Abstract
Bivalent bispecific antibodies are structurally comprised of an entire framework immunoglobulin G (IgG) genetically fused to two single chain variable fragments (scFv) via flexible peptide linkers. The flexibility of the linkers allows three extreme configurations where each scFv can be collapsed and interact with the framework IgG, or extended and able to interact with a surface or binding epitope with greater affinity. Slow interconversion between these configurations is found to cause multiple peak elution and complex adsorption kinetics on chromatography media. Surface catalyzed conformational changes greatly decrease separation efficiency and complicate the design of separations. The overall goal of this work is to fundamentally understand the conformational changes of BiSAbs and their major effects on column behavior and adsorption kinetics for cation exchange (CEX) and hydrophobic interaction (HIC) chromatography media.

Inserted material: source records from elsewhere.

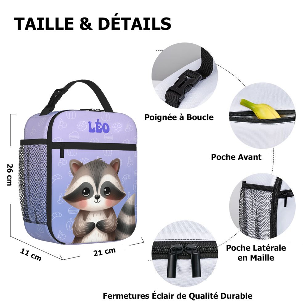 Ce sac à repas est orné de mignons animaux de dessins animés tels que des ratons laveurs, des hérissons, des koalas et des cerfs, créant ainsi une scène charmante et ludique. Vous pouvez choisir votre motif animalier préféré et le personnaliser avec le nom de votre enfant pour rendre le sac à lunch unique et vous assurer qu'il ne sera pas confondu dans les écoles ou les garderies.
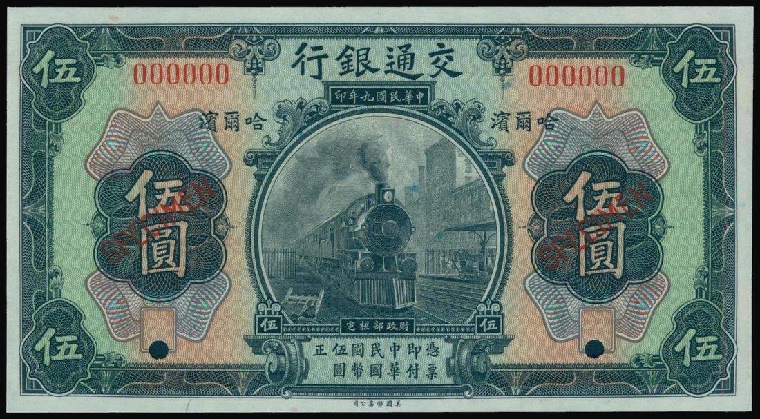Bank of Communications, 5 yuan, specimen, Harbin, 1920, black, on green and orange, steam locomotive at centre, reverse black, Maritime Customs building at centre,
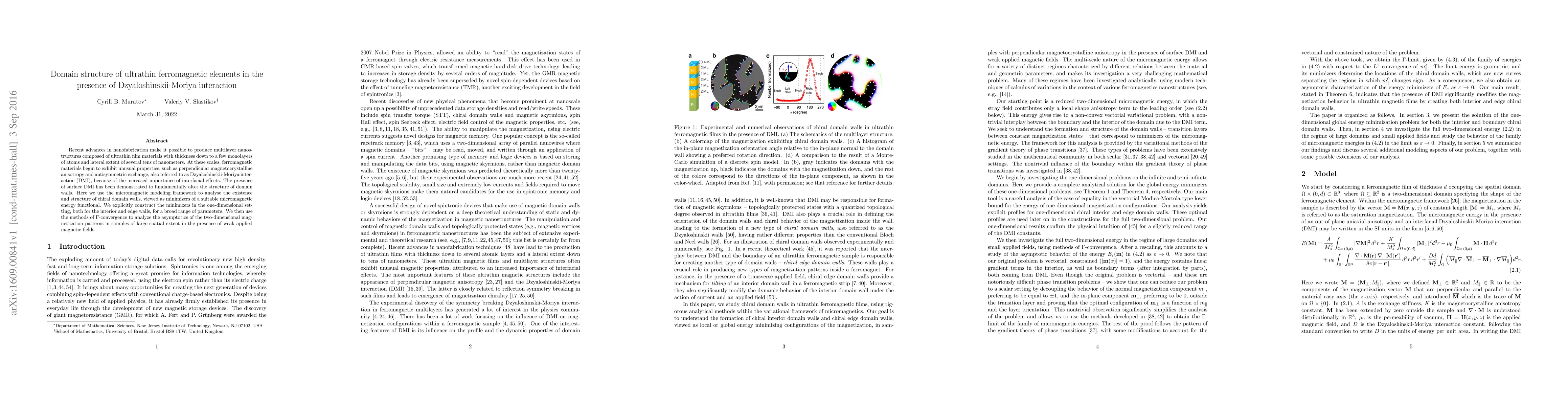 This paper investigates the domain structure of ultrathin ferromagnetic elements influenced by Dzyaloshinskii-Moriya interaction, employing micromagnetic modeling to analyze chiral domain walls and their formation under various parameters. The study uses {$\Gamma$}-convergence methods to examine the magnetization patterns in large samples with weak applied fields.
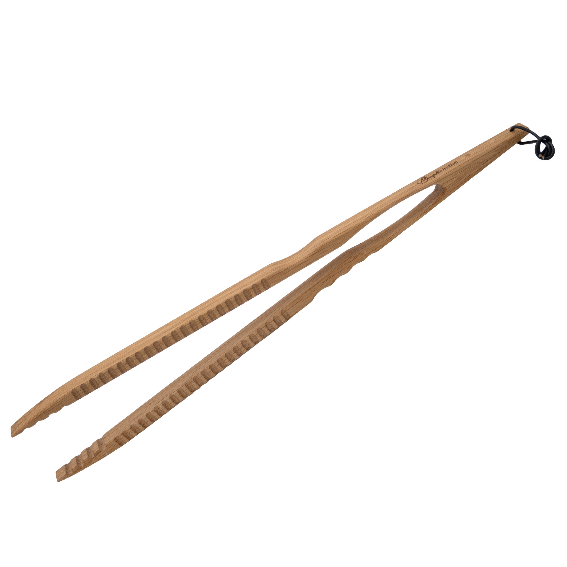 Durch das schlanke Design ist sie leicht zu handhaben und mit ihrer Länge von 59 cm ein praktischer Helfer im heißen Einsatz an Grill und Pfanne. Die Ausfräsungen für die Finger und die griffige Spitze ermöglichen ein sehr präzises Arbeiten. Die Rillen an den Zangenunterseiten sind wunderbar für das gleichzeitige Wenden mehrerer Grillwürstchen geeignet.
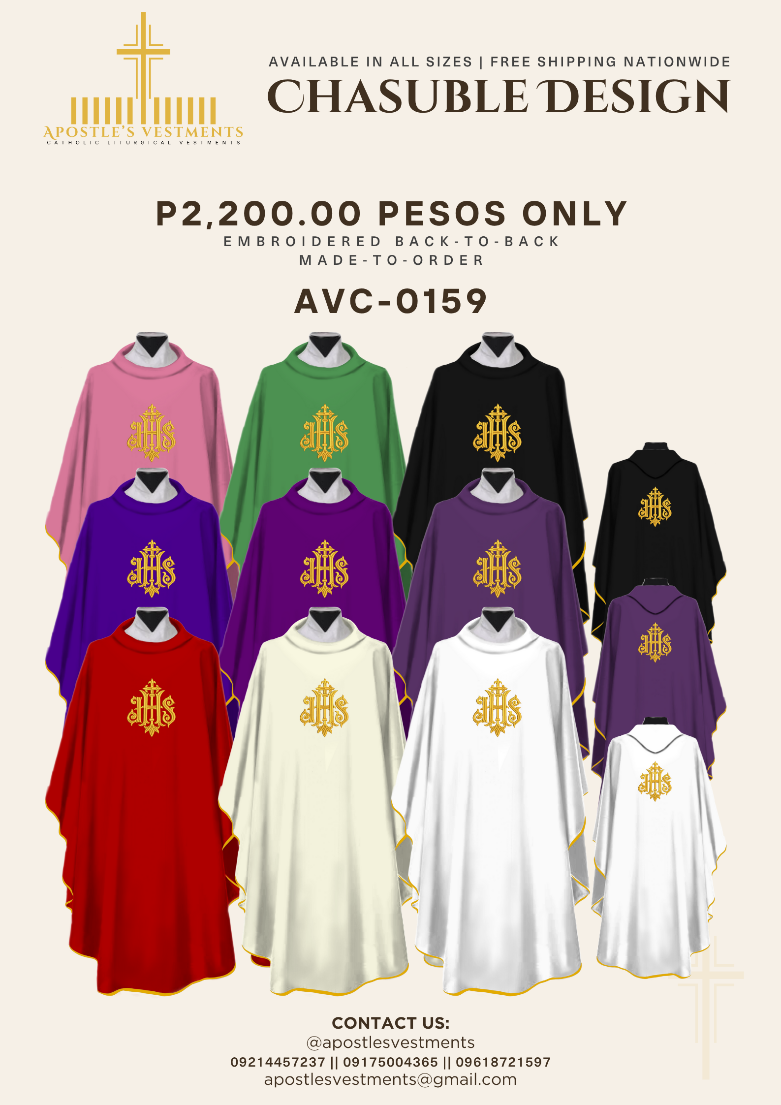Do you ship embroidered vestments internationally?
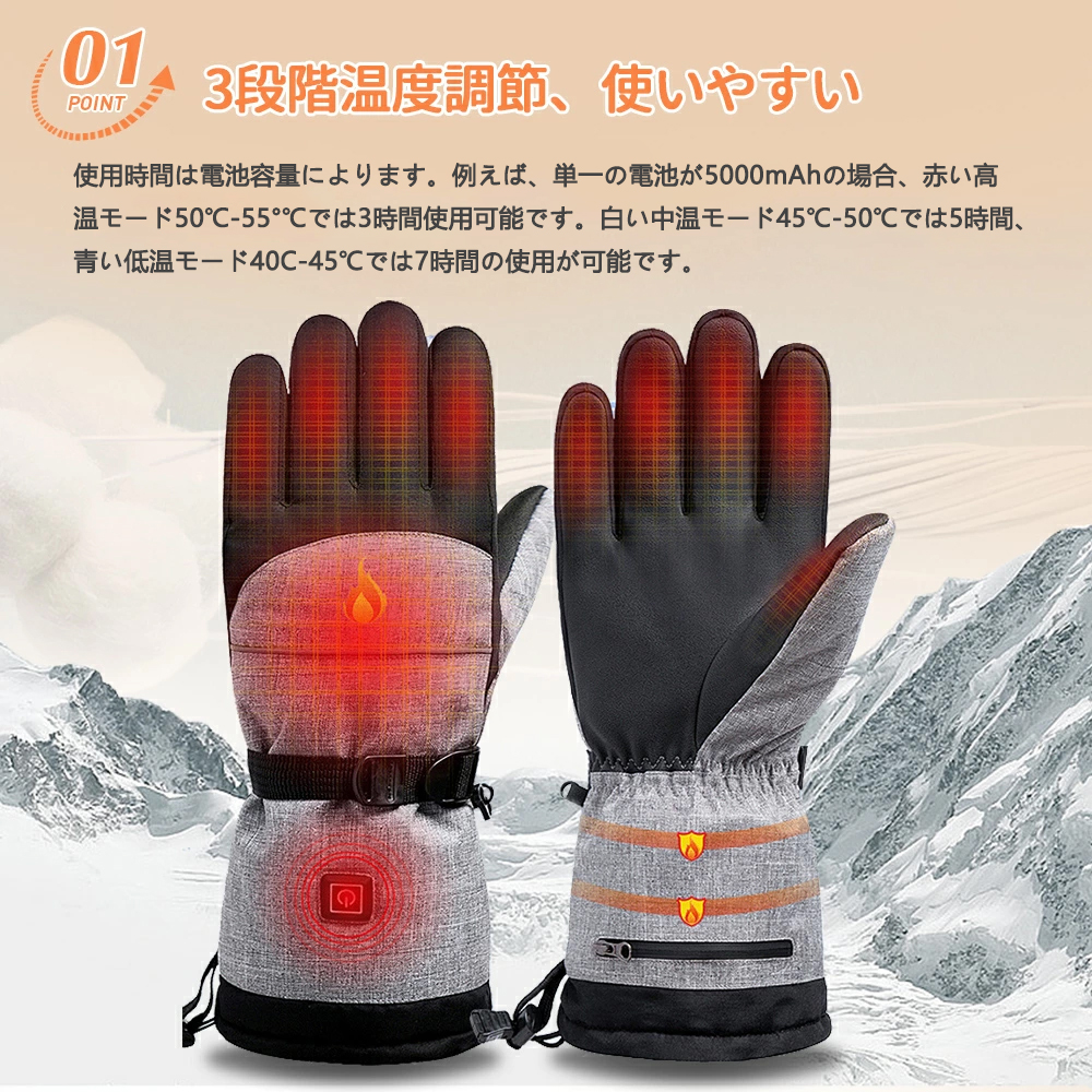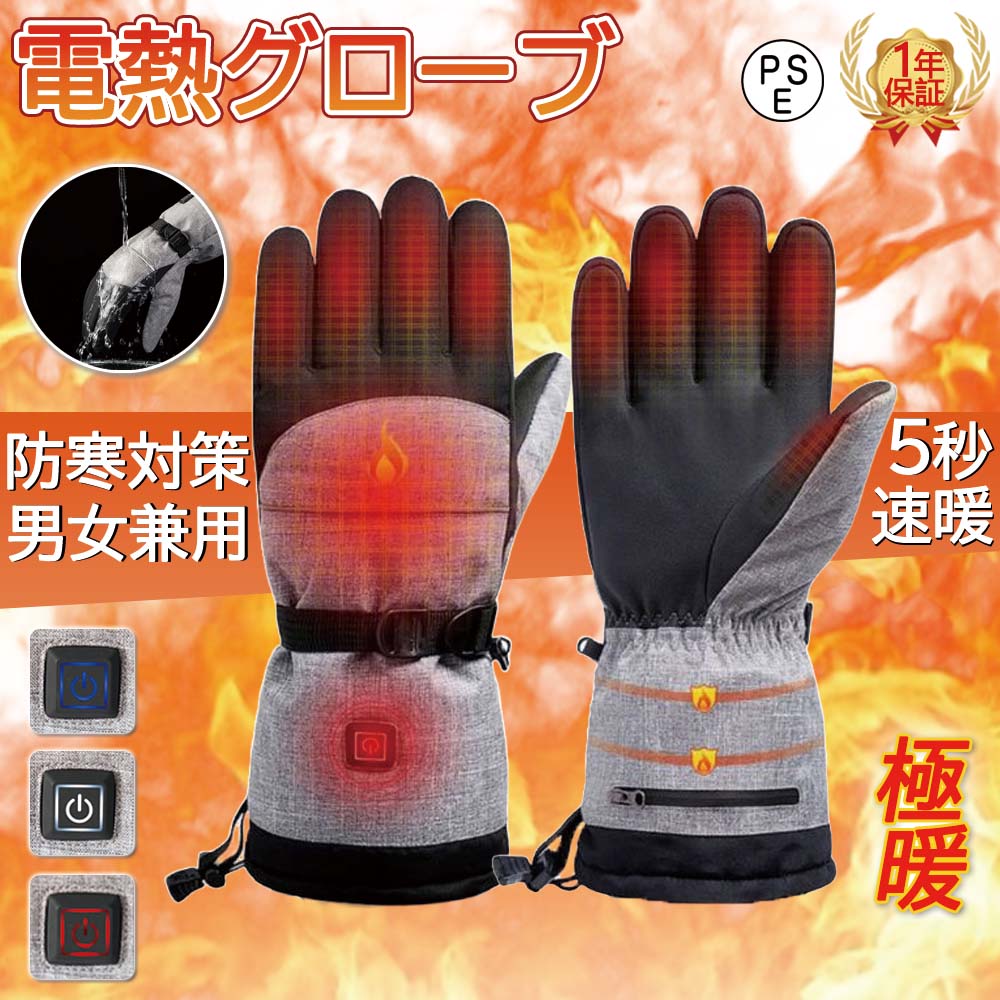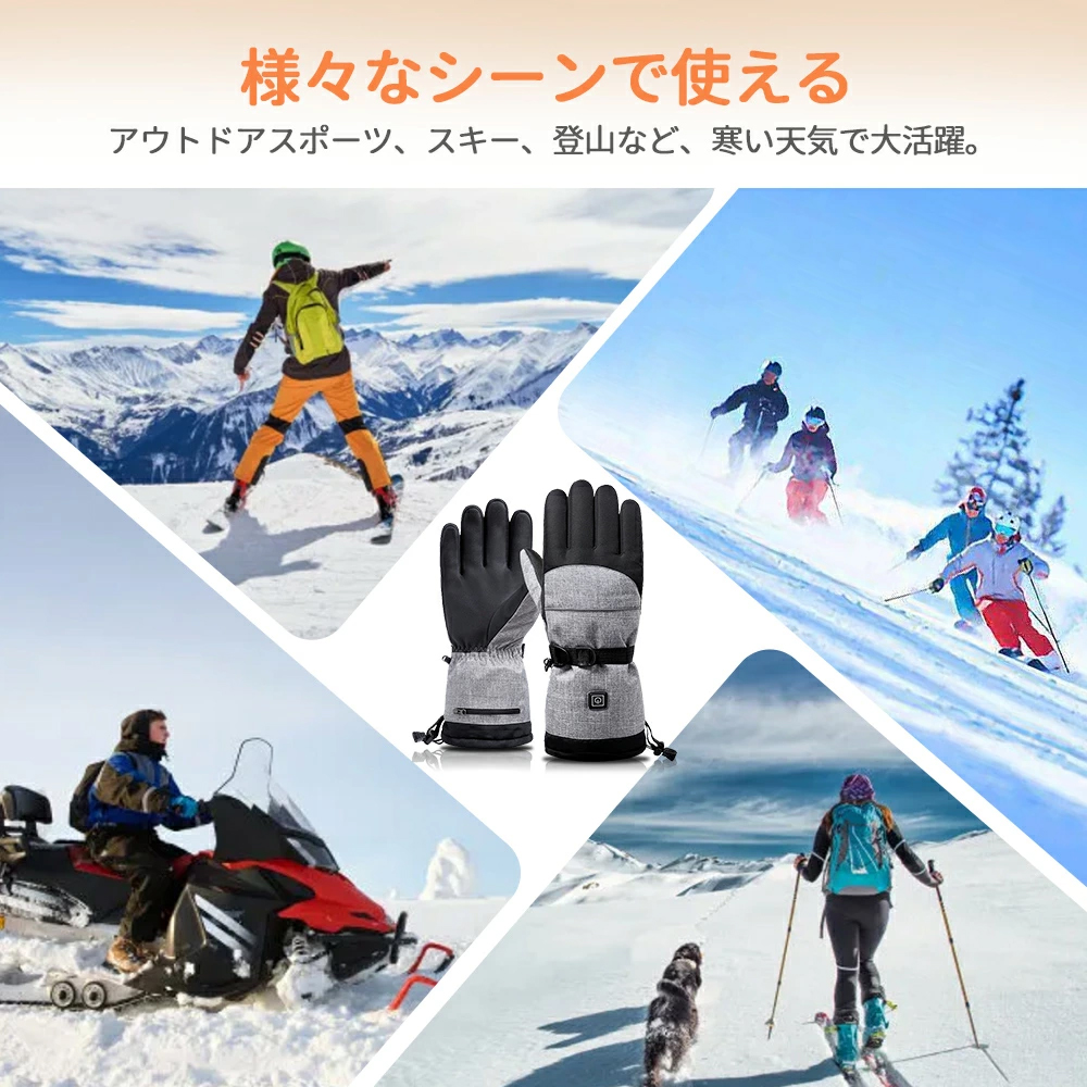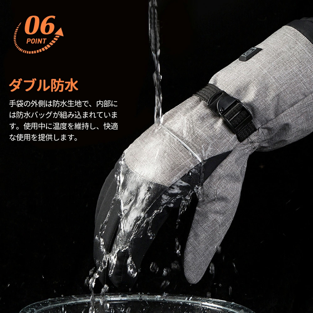 電熱グローブ 滑り止め 室外作業 バイク用 撥水 usb給電 男女兼用 通勤 軽量 即暖 防寒 水洗い可能 バッテリー 3段階調温 電熱手袋 スキー 防寒対策 寒さ対策
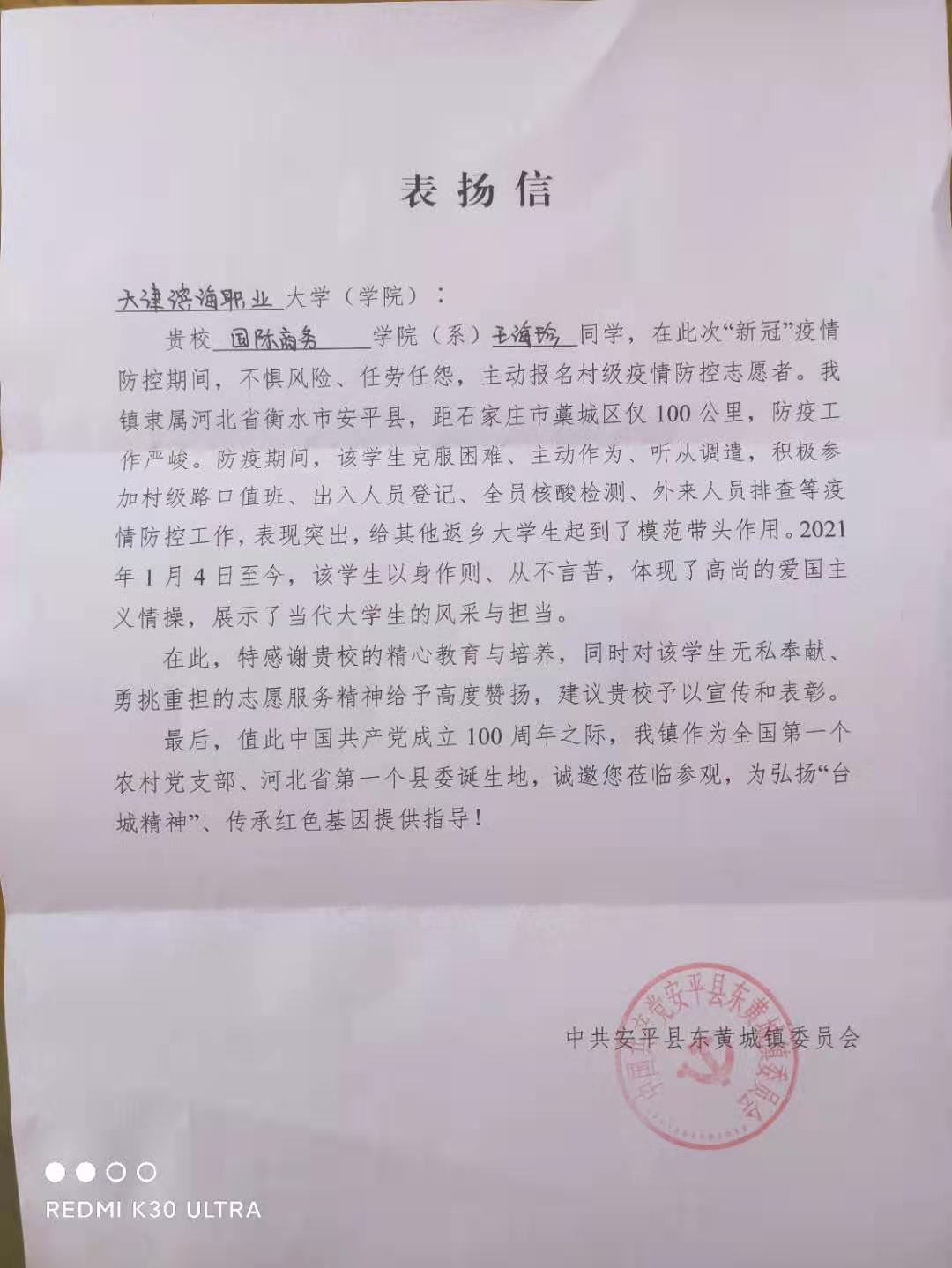 防疫期间,王海珍同学听从调遣、从不言苦,积极参加村级路口值班、出入人员登记、全员核酸检测、外来人员排查等疫情防控工作,在近50天的时间里,以身作则、任劳任怨,用行动给其他返乡大学生做出良好的示范和表率,更体现了高尚的爱国主义情操,展示了乐竞(中国)一站式体育服务大学生的风采与担当。志愿服务结束后,安平县东黄城镇委员会专门向学院发来了表扬信,感谢学院对王海珍同学的教育和培养。
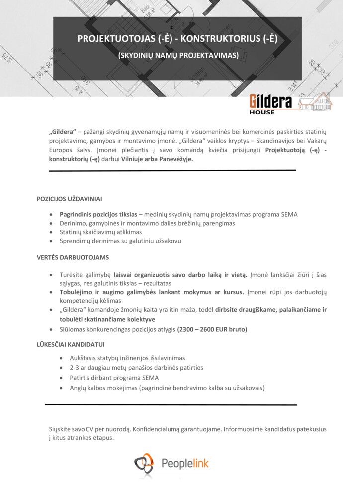 Vacancy Projektuotojas ė Konstruktorius ė Skydinių Namų Projektavimas Panevėzys Panevėzio Rajonas People Link Uab Cv Online
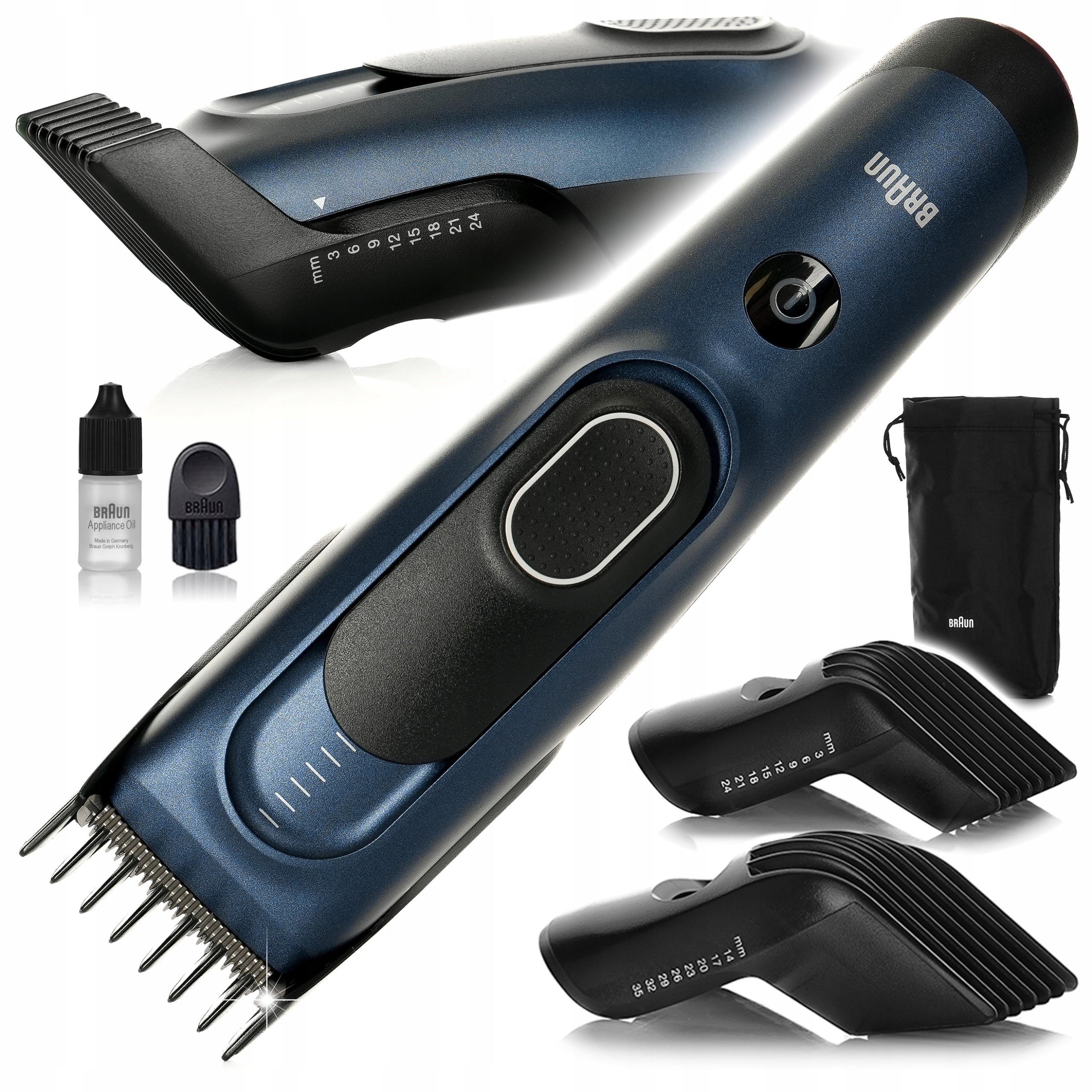 Braun Series 5 HC5350LSB з Saper LifeTime Sharp LifeTime , safetylock , 17 Налаштування довжини (3-35 мм) з 2 гребінцями та різанням без ковпачка на брату. 0,5 мм 50 хвилин бездротової роботи . Ідеально підходить для щоденного різання.
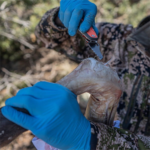 Il coltello è stato sviluppato insieme al noto cacciatore Randy Newberg. DTS sta per Dual Tool System e descrive un coltello con due lame. Oltre alla grande lama primaria in acciaio 440C, la DTS offre una seconda lama seghettata in D2. Ciò semplifica l'esecuzione di tagli difficili come l'apertura del soffitto, il taglio di tendini o il lavoro in punti difficili da raggiungere. I manici ergonomici in nylon garantiscono una presa sicura durante il lavoro e la colorazione accattivante rende il coltello facile da trovare sul campo. È inclusa anche la fondina da cintura.

This work first characterizes the reversible, multiple peak phenomena observed for linear gradient elution. Pure BiSAb samples elute three peaks at room temperature and low residence time (~2 min). All three peaks are monomer-sized, measured by dynamic light scattering. When the residence time is elongated to ~40 min or temperature is elevated to ~55 °C, a single peak elutes with average retention. When the protein is held bound on the resin, the relative size of the strongest binding peak increases. BiSAb fragments with a single linked scFv follow the same trends as the intact molecules, but with reversible two peak elution. BiSAb fragments or the framework IgG, containing zero linked scFvs, elute a single peak regardless of operating conditions. The BiSAb multiple peak elution behavior is qualitatively consistent regardless of: scFv attachment location to the framework IgG, resin structure (pellicular or porous), pH of the mobile phase, and resin functional ligand (weak CEX, strong CEX, or HIC). These effects are therefore driven by the molecular properties of the BiSAbs, rather than resin specific factors. Adsorption kinetics of these complex proteins was studied by viewing transient intraparticle bound profiles using confocal microscopy. The BiSAb intraparticle profiles showed smooth characteristics caused by the slow exchange from the weaker binding, collapsed configuration to the stronger binding, extended configurations. Phenomenological models were developed at the column scale, to predict the multiple peak elution behavior, and at the particle scale, to predict the complex adsorption kinetics.
Finally, the separation between the intact BiSAb molecule and two associated fragments was studied on CEX resins. Both fragments were found to have one scFv missing and elute prior to the intact protein. The fragment with intermediate binding strength contained one additional amino acid, a C-terminal lysine. Linear gradient elution measured fairly small differences in binding strength between the protein species. However, at high load, high selectivity was observed and the intact molecule was found to displace the fragments with relatively fast kinetics.